Yelp to Scale Back Deals Too

According to a report in Bloomberg Yelp is scaling back on the sales resources devoted to selling Yelp Deals:

Yelp will cut its sales staff dedicated to Yelp Deals by half, the company said yesterday. Facebook, the world’s largest social network, said on Aug. 26 it would shut down its Deals local-discount feature, decamping from a business it entered in April. Both services were started to compete with Groupon Inc . . .

At San Francisco-based Yelp, about 15 salespeople will be reassigned to other areas of the business, and the number of deals e-mailed to users is unlikely to grow, Vince Sollitto, vice president of corporate communications, said in an interview yesterday.

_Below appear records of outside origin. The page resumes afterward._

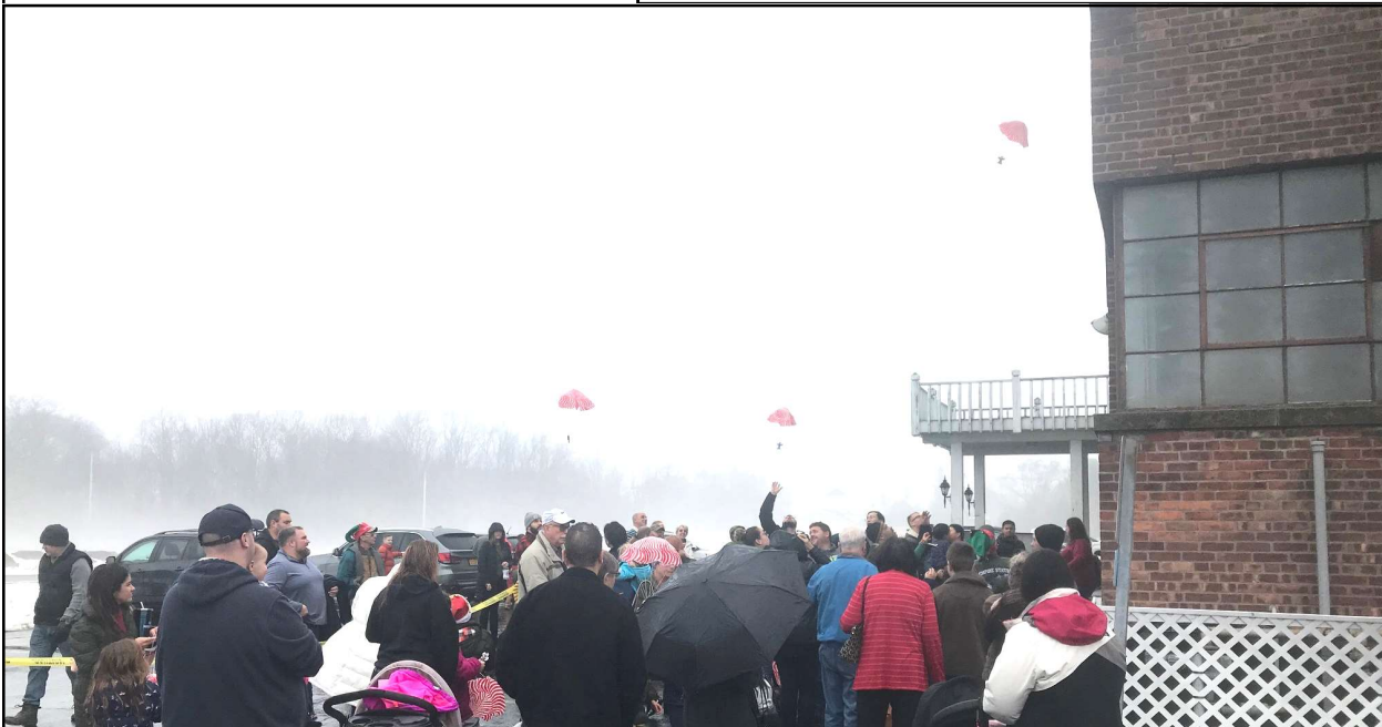
Parachutes fall from the sky (actually from the second story window) after the Candy Bomber story
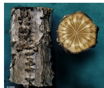
Vine stem bark and vine stem transverse section.
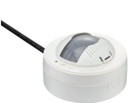
MPS3100 Sensor Product Detail Image
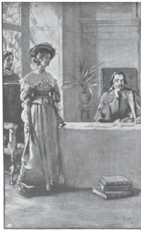
But with all--she controlled herself. She rose stiffly from her seat.
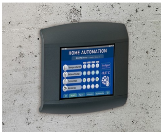
Control panel for home automation
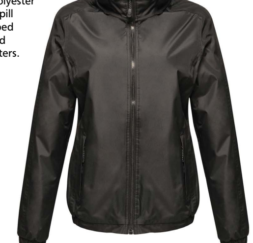
Sizes: 10 - 20

Waterproof and windproof Hydrafort 500 Polyester fabric, with anti-pill fleece lining. Taped seams. Concealed hood with adjusters.
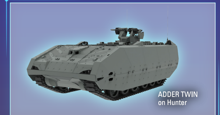
ADDER TWIN on Hunter

Can be integrated on any tracked, wheeled vehicle or marine vessel.
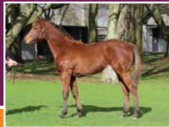
UNRESERVED PINS FILLY.
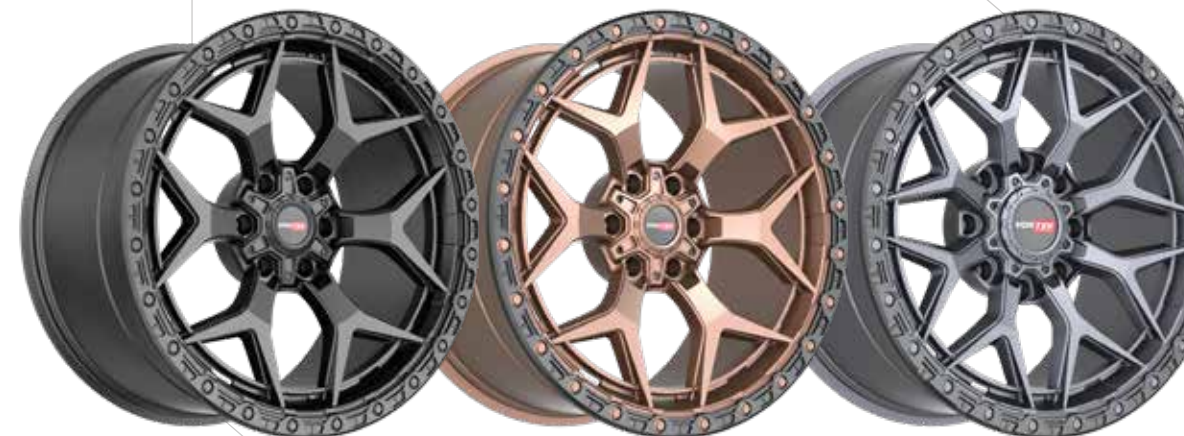
17" - 24"
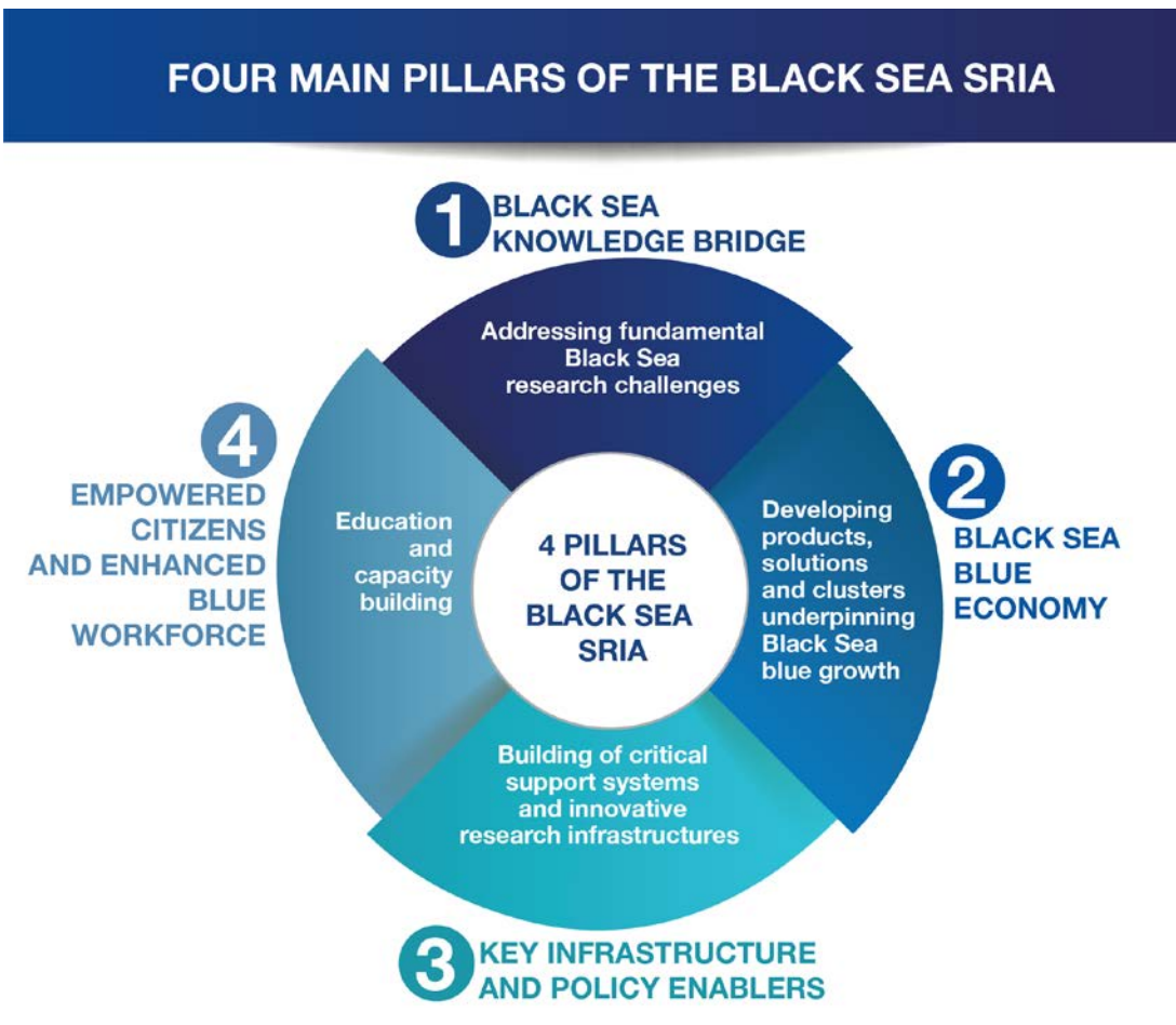
Figure 1 Four main pillars of the Black Sea SRIA based on the Burgas Vision Paper.
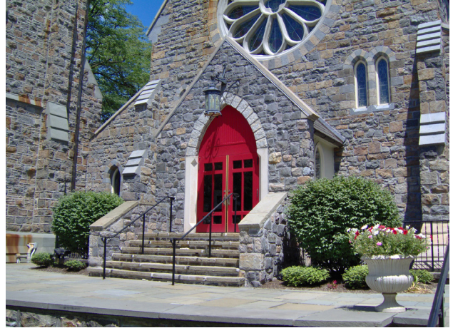
Cathedral Church of the Nativity
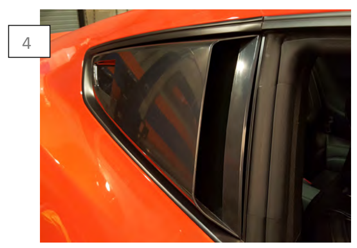
Apply firm even pressure to all taped surfaces to ensure proper adhesion.
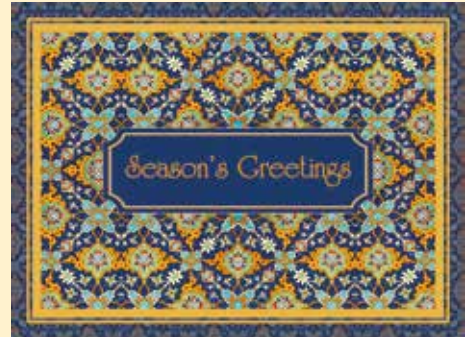
CY-E308 'Regal Splendour' Best Wishes For A Happy And Prosperous New Year ₹ 55.00 (19.5 cms. x 14.3 cms.) Gold foil - finished card
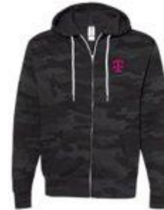
Unisex Full Zip Camo Hoodie *Launched Q3
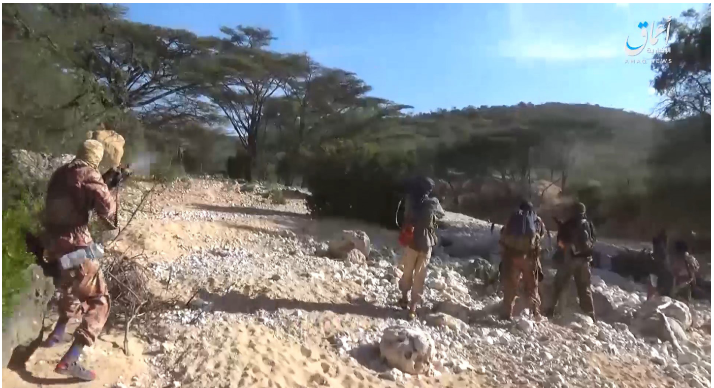
Members of Islamic State in Somalia clash with al-Shabaab fighters in the northern Puntland region in December 2018. (Amaq video, released in December 2018).
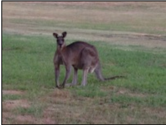
You can get very close to the kangaroos. This one was enjoying the golf course in Mount Beauty
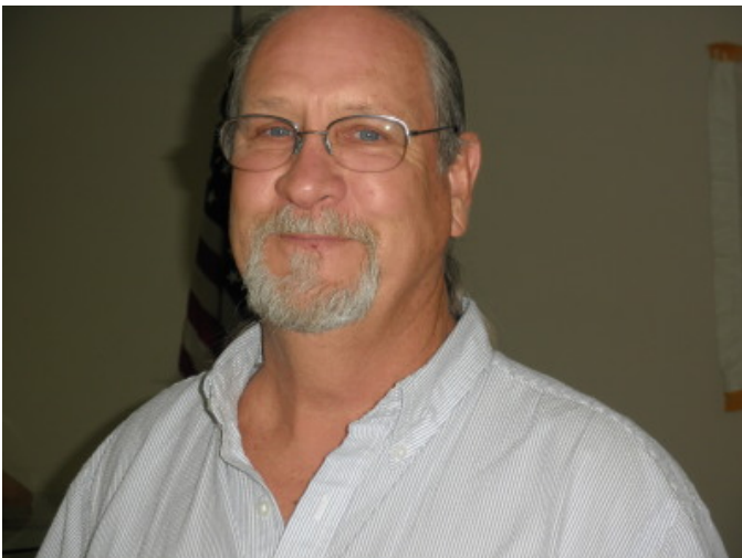
1408 Soules Chapel Rd, Cumberland Furnace, TN 615 219 2194 lilygfarms@gmail.com
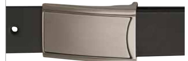
6799, 35MM, NICKEL BUCKLE
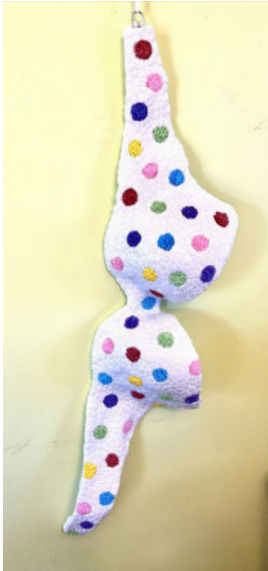
Polka Dot Bra 3D Mosaic Sculpture, 27" x 6" x 5" $500
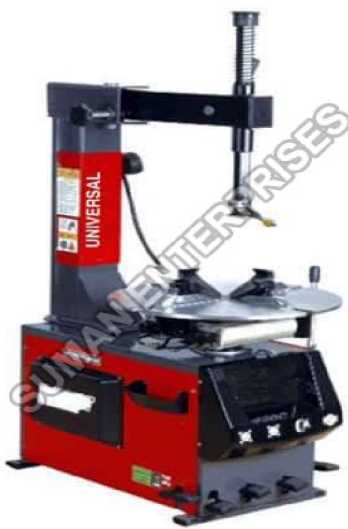
Tyre Changer Machine
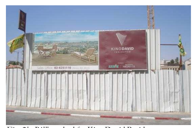
Fig. 2h: Billboard ad for King David Residence

“Rather than offer more and more deals of inherently declining quality to more and more folks over time, we want to make sure we’re only providing good, quality opportunities,” Sollitto said. “While we think the deals business is a good one, it has never been a core focus of our offering.”

Like Facebook there are/were two types of deals on Yelp: self-service and more conventional daily deals sold by telephone. Yelp’s “special offers and announcements” were renamed “Yelp Deals.” It’s the daily deals offering that’s being scaled back. Similarly Facebook decided to shutter its daily deals program and retain its earlier “check-in deals” product (self-service).

Yelp’s retreat on daily deals is somewhat surprising, just like Facebook’s earlier move. As with Facebook, Yelp daily deals appeared to me to be a perfect fit and a great revenue opportunity for the site. However, there’s too much noise and competition in the market for both merchants and consumers.

Here’s an anecdote in the Bloomberg piece that sums up some of what’s going on with merchants and all the sales calls they’re receiving:

Merchants say that participating in the deals often leads to unsolicited calls from other coupon sites. After Kiebpoli Calnek ran a Yelp Deal advertising 50 percent off an aerial performance class in July, she began receiving calls from representatives of Groupon, LivingSocial and other deal sites every day.

“They send me e-mails, they call me, they call me again,” said Calnek, who is based in Brooklyn, New York. “I told them, ‘I’m burnt out from this deal. I have 500 new clients. Why would I want to do another one?’”

Again neither Facebook nor Yelp is exiting the “deals” business; they’re downsizing or scaling back. However, this may be the beginning of a period of attrition and consolidation. Alternatively one could look at it as part of the evolution of the deals market.